Ballistics tables are going to vary by projectile in each caliber. I have a few old figures. For a 753gr. BT projectile with a Mv of 2900fps(?) the times of flight to 600yds. and 1000yds. Are given as 0.72 and 1.32 seconds. Angle of departure is given as 14mins and 30 mins for the two ranges. Remaining velocity is given as 1950fps and 1575fps.
For a 20mm projectile of 2000gr. And a MV of 2750fps (?) the corresponding figures are: Time of flight, 0.84sec and 1.71 sec. Angle of departure, 17 min and 42 min. Remaining velocity- 1650fps and 1210 fps.
The longer the range the better the .50 looks but at practical air to air ranges in WW II or Korea the difference in flight times or trajectory between the US .50 and the 20mm Hispano are less than the difference between various 20mm guns used by different nations or less than the difference between the the US .50 and some 12.7-13 mm machine guns.
According to Tony Williams the Germans did some tests and found that the .50 slowed down by about 15 percent at 300 meters and 29 percent at 600 meters. The HS 404 HET shells slowed from 880 m/s to 675 m/s at 300meters (23 percent) and to 500 m/s at 600 meters (43 percent).
For comparison the German 7.92 slowed by 57 percent at 600 meters while the 13 mm slowed by 55 percent. The 20mm mine shell fired by the MG/FFM slowed 60 percent, the 20mm HET (117g) slowed 41 percent and the 30mm mine shell from the MK 108 slowed by 47percent. The 15mm MG 151 was one of the best at 39percent.
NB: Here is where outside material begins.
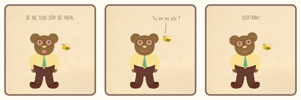Dans de courts échanges, sous forme de strips de 3 cases comme autant de petites bandes-dessinées, Monsieur Nourse et l’abeille dialoguent, et se posent toutes sortes de questions sur l’amitié, l’existence, la vie, le monde… Ils jouent avec la logique, les évidences, les certitudes et les incertitudes, et amènent le jeune lecteur à se familiariser avec les interrogations, la discussion et les mécanismes parfois subtils de la pensée.

The drag on a projectile does vary with the speed of the projectile. As the projectile slows down the drag falls. While doubling the sped will quadruple the drag ( in theory) once the speed falls to the original speed the drag will fall to the original drag.
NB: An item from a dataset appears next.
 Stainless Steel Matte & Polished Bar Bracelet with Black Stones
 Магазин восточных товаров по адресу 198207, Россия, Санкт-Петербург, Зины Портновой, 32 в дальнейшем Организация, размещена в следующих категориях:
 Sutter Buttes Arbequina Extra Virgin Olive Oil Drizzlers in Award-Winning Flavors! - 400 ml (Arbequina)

The difference between percentage of velocity loss and flight time should be noted though. While many of the German rounds seem to show good velocity retention they started out at lower velocities and so had lower drag at the beginning of their flights. Time to 600 meters (compared to 600yds given earlier) being about. 1.16 seconds, 1.22 seconds, 1.43 seconds, 1.10 seconds and 1.66 seconds with the 15 mm MG 151 coming in at 0.816 seconds.